I tried with a fresh dataset after fixing the dataset conversion bug and getting the same error, the dataset looks good on the hub but only the metadata is present on the local disk

╰➤ ls -lah /home/jack/.cache/huggingface/lerobot/jackvial/screwdriver_attach_panel_ls_080125_9_e8/
total 32K
drwxrwxr-x   3 jack jack 4.0K Oct  4 15:19 .
drwxrwxr-x 251 jack jack  20K Oct  4 15:19 ..

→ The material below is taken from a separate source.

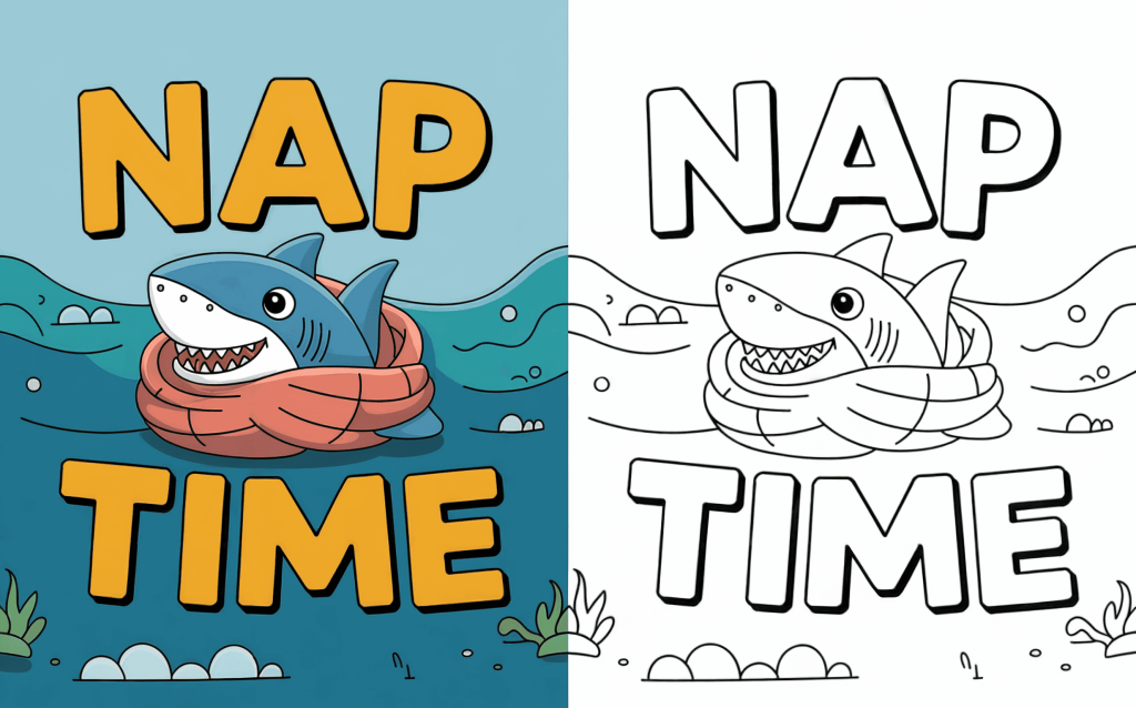 🦈 13. “Nap Time” Shark Coloring Page

drwxrwxr-x   2 jack jack 4.0K Oct  4 15:19 meta
╰➤ python -m lerobot.scripts.lerobot_edit_dataset         --repo_id jackvial/screwdriver_attach_panel_ls_080125_9_e8         --operation.type delete_episodes         --operation.episode_indices "[0, 2]"

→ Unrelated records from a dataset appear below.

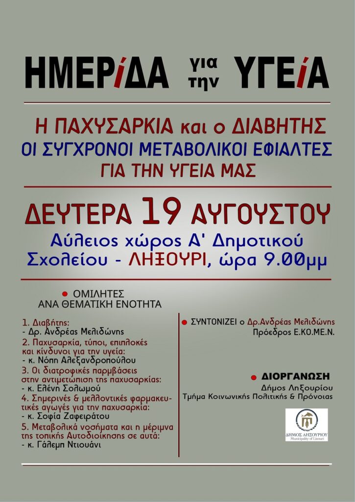 Την Δευτέρα 19 Αυγούστου ο Δήμος Ληξουρίου διοργανώνει μιά εξαιρετικά ενδιαφέρουσα ημερίδα για την Υγεία με θέμα «Η παχυσαρκία και ο Διαβήτης οι σύγχρονοι μεταβολικοί εφιάλτες για την υγεία μας»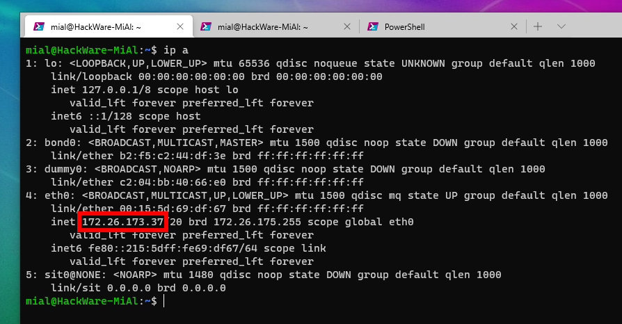 Что мне осталось непонятным — все запущенные дистрибутивы имеют один и тот же IP адрес. Более того, если запустить службу (открыть порт) на одном из дистрибутивов, то этот же порт окажется открытым и на всех остальных. Следовательно, например, не получится запустить веб-сервер одновременно на двух или более дистрибутивах… У всех дистрибутивах в WSL один сетевой интерфейс на всех.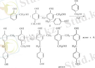 ә) фенолспирттердің сызықтық еритін полимерлерді (резол смоласы, резол) құрау арқылы конденсациялануы: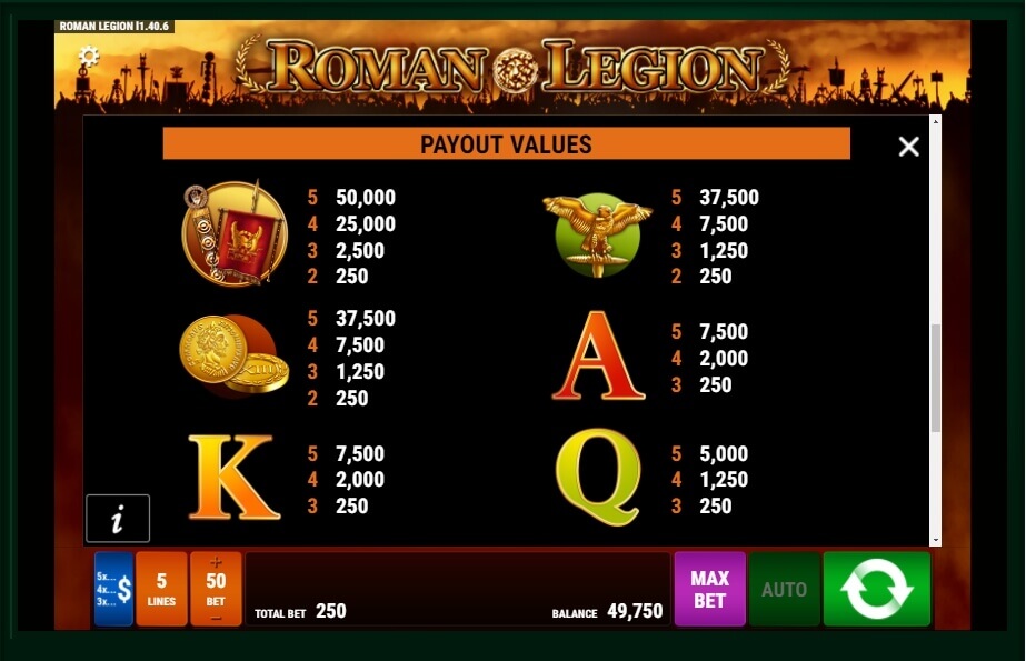 It is depicted against the background of the Roman army, which has conquered many cities and settlements. There are 5 active drums in the center and the same number of paylines. Thanks to the dark background, game characters look more vivid and interesting. The slot machine will present a fascinating gameplay, during which you will enjoy positive emotions.

stats.json: 7.23kB [00:00, 11.0MB/s]                                            | 0/4 [00:00<?, ?it/s]
info.json: 4.04kB [00:00, 11.1MB/s]rquet:   0%|                           | 0.00/57.7k [00:00<?, ?B/s]
meta/tasks.parquet: 100%|████████████████████████████████████████| 2.92k/2.92k [00:00<00:00, 8.40kB/s]
meta/episodes/chunk-000/file-000.parquet: 100%|███████████████████| 57.7k/57.7k [00:00<00:00, 119kB/s]
Fetching 4 files: 100%|█████████████████████████████████████████████████| 4/4 [00:00<00:00,  5.83it/s]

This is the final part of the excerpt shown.